=== THE INPUT ===
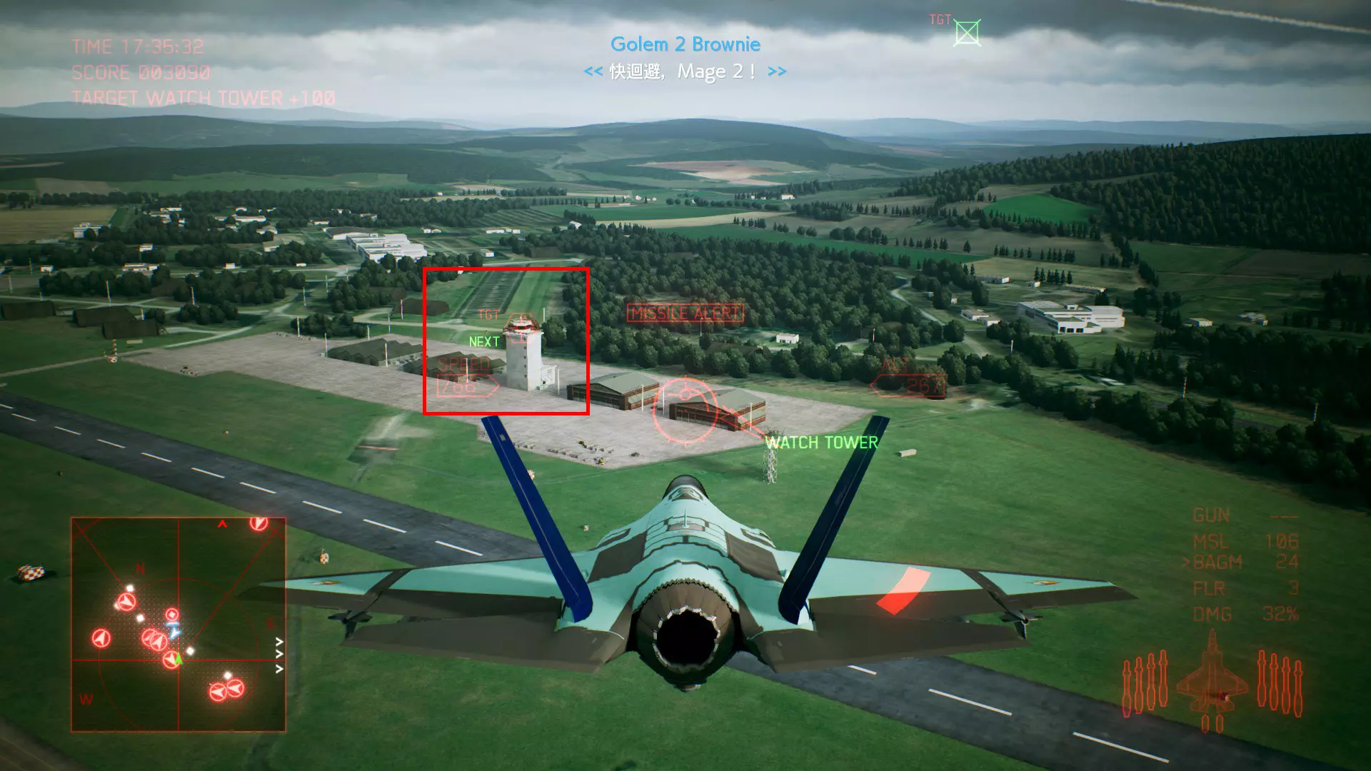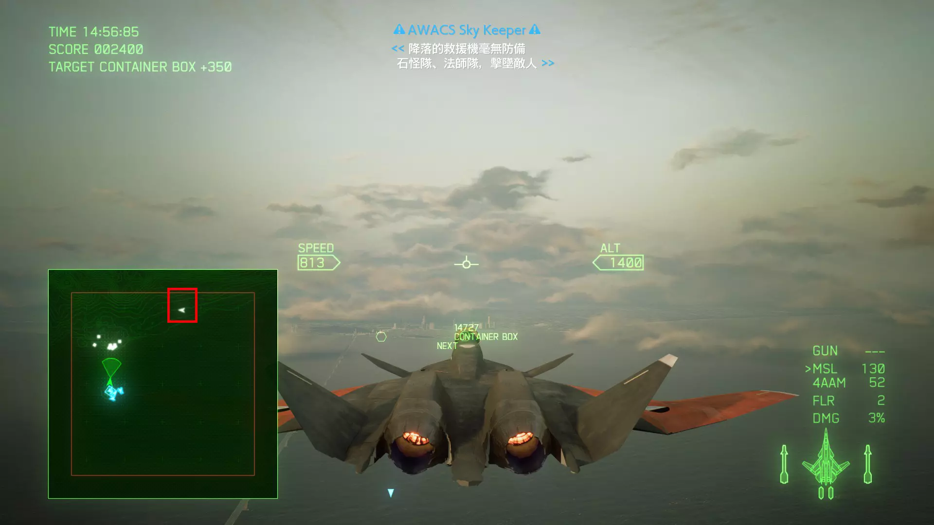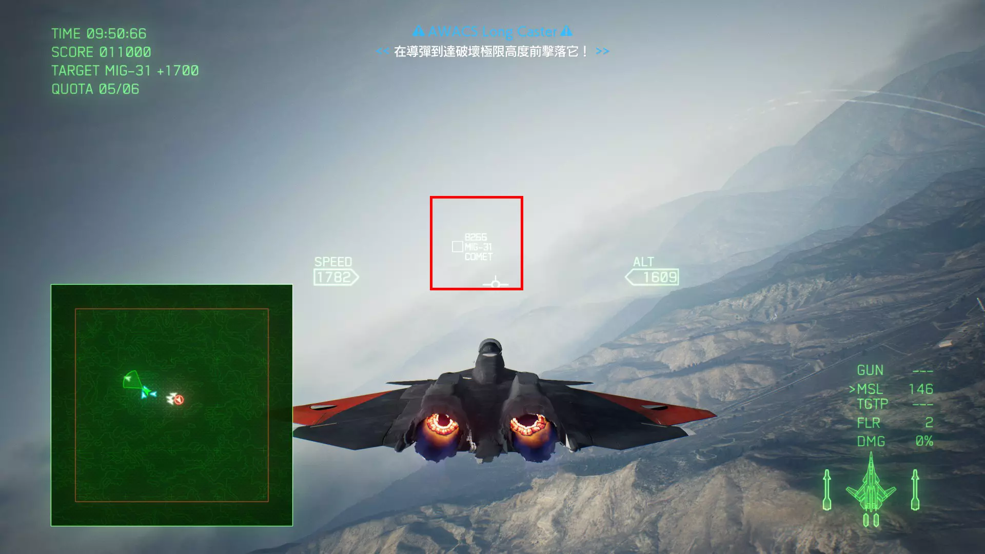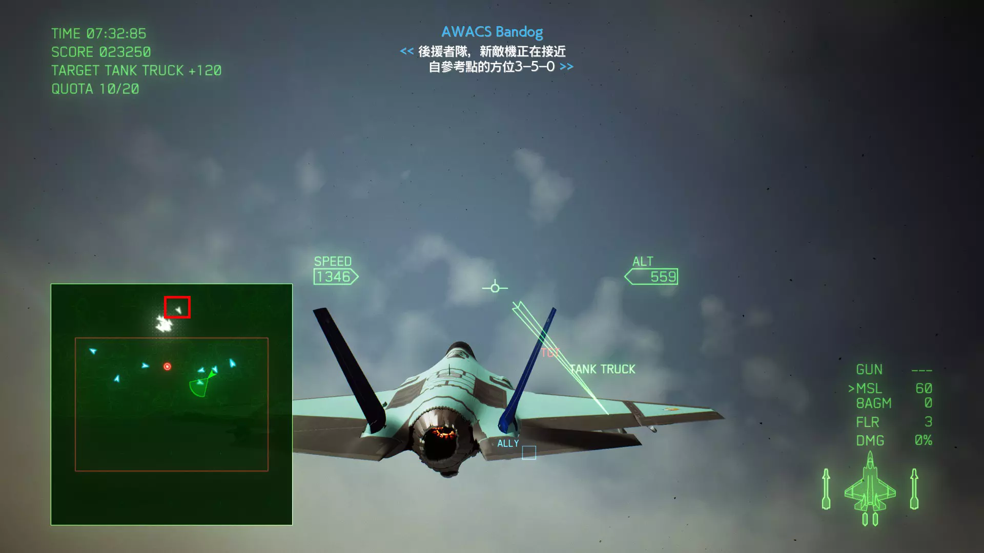 冠名机 第四关:【浪人】 本关共一架冠名机:F-15J 方法:以低于180的高度(ALT)突破敌方雷达网,第二阶段开始后冠名机会出现在地图北方向西飞行。(高度降下来后使用左右平移即可轻松突破)。
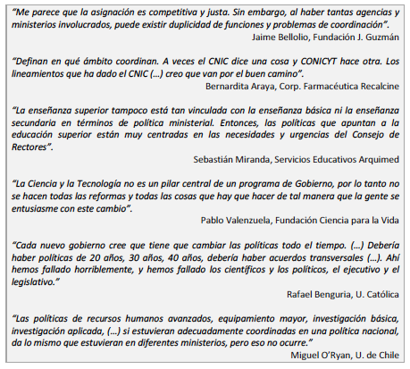 La persistencia en el tiempo de este comportamiento estaría vinculada a dos motivos principales. En primer lugar, una percepción bastante generalizada en el país respecto a que la inversión en investigación científica y tecnológica es relevante pero no prioritaria, lo que determina que se posterguen los aumentos presupuestarios a favor de otras urgencias. En segundo término, no existiría consenso entre los actores claves de la institucionalidad política y económica sobre los objetivos a corto y largo plazo del sistema chileno de Ciencia y Tecnología; ni tampoco sobre la calidad, potencial y relevancia de la producción científica nacional.
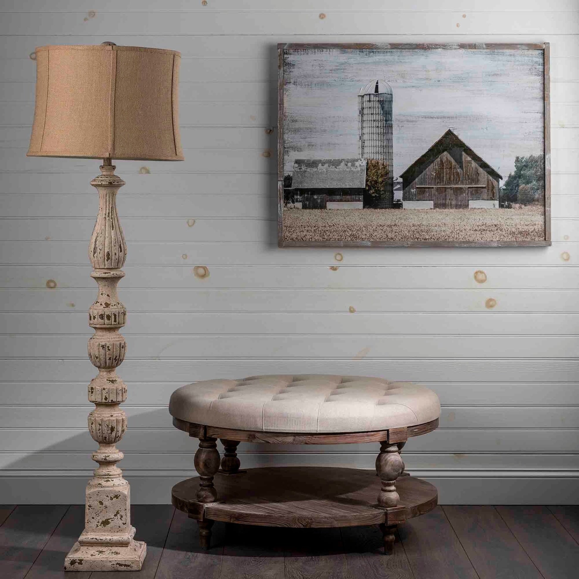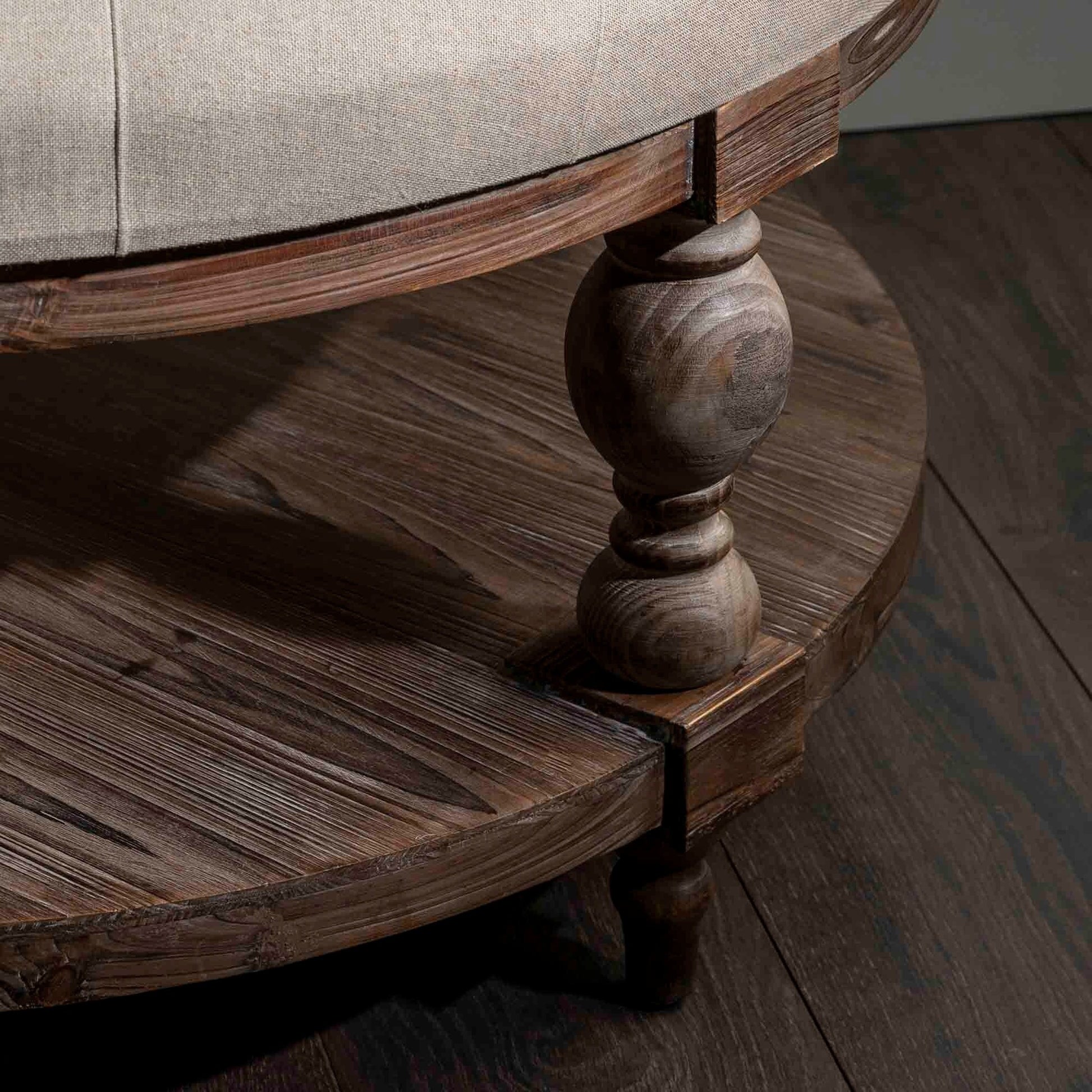 Tradition meets comfort in the Tahoe Rustic Wood and Round linen fabric Ottoman, with a lower shelf for storage and a padded top for your relaxation. The light brown fir wood finish on the turned legs adds depth to the cream colored linen fabric cushion, while you are resting your feet or using the ottoman as a temporary spot to sit. The oval shape fits into most spaces easily.
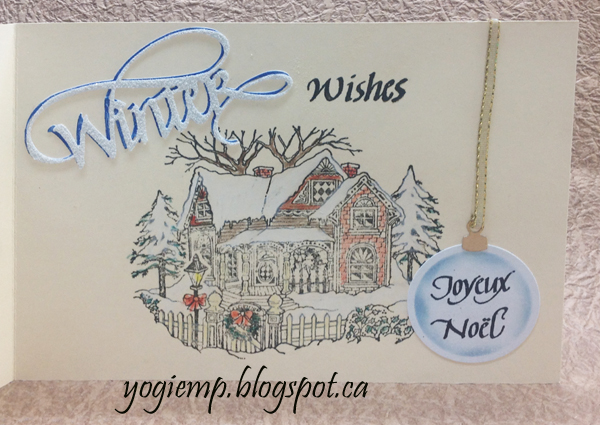 On the inside: stamped the house to fit into the oval front opening using the black. Colored with Prisma colored pencils. Die cut the word "Winter, twice from white cardstock. Top layer inked with Versamark and embossed with Emerald Creek Hot Stuff "Soft Fallen Snow" embossing powder. The under layer colored with a blue colored pencil. Adhered both layers off set, then onto the card. Stamped the word "Wishes" with the black and clear embossed. Stamped the "Joyeux Noel" (first cutting the stamp between the 2 words) using the black and clear embossed. Die cut the with circles die set, sponged with the blue and adhered to inside. Die cut the bauble holder, embossed with Queen's Gold embossing powder. Adhered the gold metallic ribbon using Sookwang tape. |
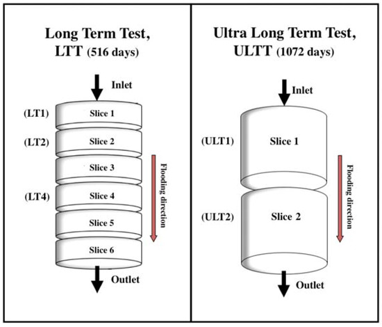 Schematic drawings of how the two cores were cut after the flooding experiment: Long Term Test (LTT) to the left (modified from Zimmermann et al., 2015 [36]) and Ultra Long Term Test to the right.
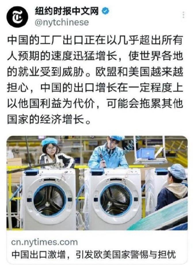 双标逻辑! 美国在历史上通过工业扩张成为全球最大经济体时,其出口增长未被指责“威胁他国就业”,而中国出口激增却被贴上 “拖累全球经济”标签,暴露出西方舆论对发展中国家的结构性偏见。

=== ACTIVITY ===
Please copy the data shown above, line by line and exactly, omitting the images.

=== FINISHED EXERCISE ===
 冠名机 第四关:【浪人】 本关共一架冠名机:F-15J 方法:以低于180的高度(ALT)突破敌方雷达网,第二阶段开始后冠名机会出现在地图北方向西飞行。(高度降下来后使用左右平移即可轻松突破)。
 La persistencia en el tiempo de este comportamiento estaría vinculada a dos motivos principales. En primer lugar, una percepción bastante generalizada en el país respecto a que la inversión en investigación científica y tecnológica es relevante pero no prioritaria, lo que determina que se posterguen los aumentos presupuestarios a favor de otras urgencias. En segundo término, no existiría consenso entre los actores claves de la institucionalidad política y económica sobre los objetivos a corto y largo plazo del sistema chileno de Ciencia y Tecnología; ni tampoco sobre la calidad, potencial y relevancia de la producción científica nacional.
 Tradition meets comfort in the Tahoe Rustic Wood and Round linen fabric Ottoman, with a lower shelf for storage and a padded top for your relaxation. The light brown fir wood finish on the turned legs adds depth to the cream colored linen fabric cushion, while you are resting your feet or using the ottoman as a temporary spot to sit. The oval shape fits into most spaces easily.
 On the inside: stamped the house to fit into the oval front opening using the black. Colored with Prisma colored pencils. Die cut the word "Winter, twice from white cardstock. Top layer inked with Versamark and embossed with Emerald Creek Hot Stuff "Soft Fallen Snow" embossing powder. The under layer colored with a blue colored pencil. Adhered both layers off set, then onto the card. Stamped the word "Wishes" with the black and clear embossed. Stamped the "Joyeux Noel" (first cutting the stamp between the 2 words) using the black and clear embossed. Die cut the with circles die set, sponged with the blue and adhered to inside. Die cut the bauble holder, embossed with Queen's Gold embossing powder. Adhered the gold metallic ribbon using Sookwang tape. |
 Schematic drawings of how the two cores were cut after the flooding experiment: Long Term Test (LTT) to the left (modified from Zimmermann et al., 2015 [36]) and Ultra Long Term Test to the right.
 双标逻辑! 美国在历史上通过工业扩张成为全球最大经济体时,其出口增长未被指责“威胁他国就业”,而中国出口激增却被贴上 “拖累全球经济”标签,暴露出西方舆论对发展中国家的结构性偏见。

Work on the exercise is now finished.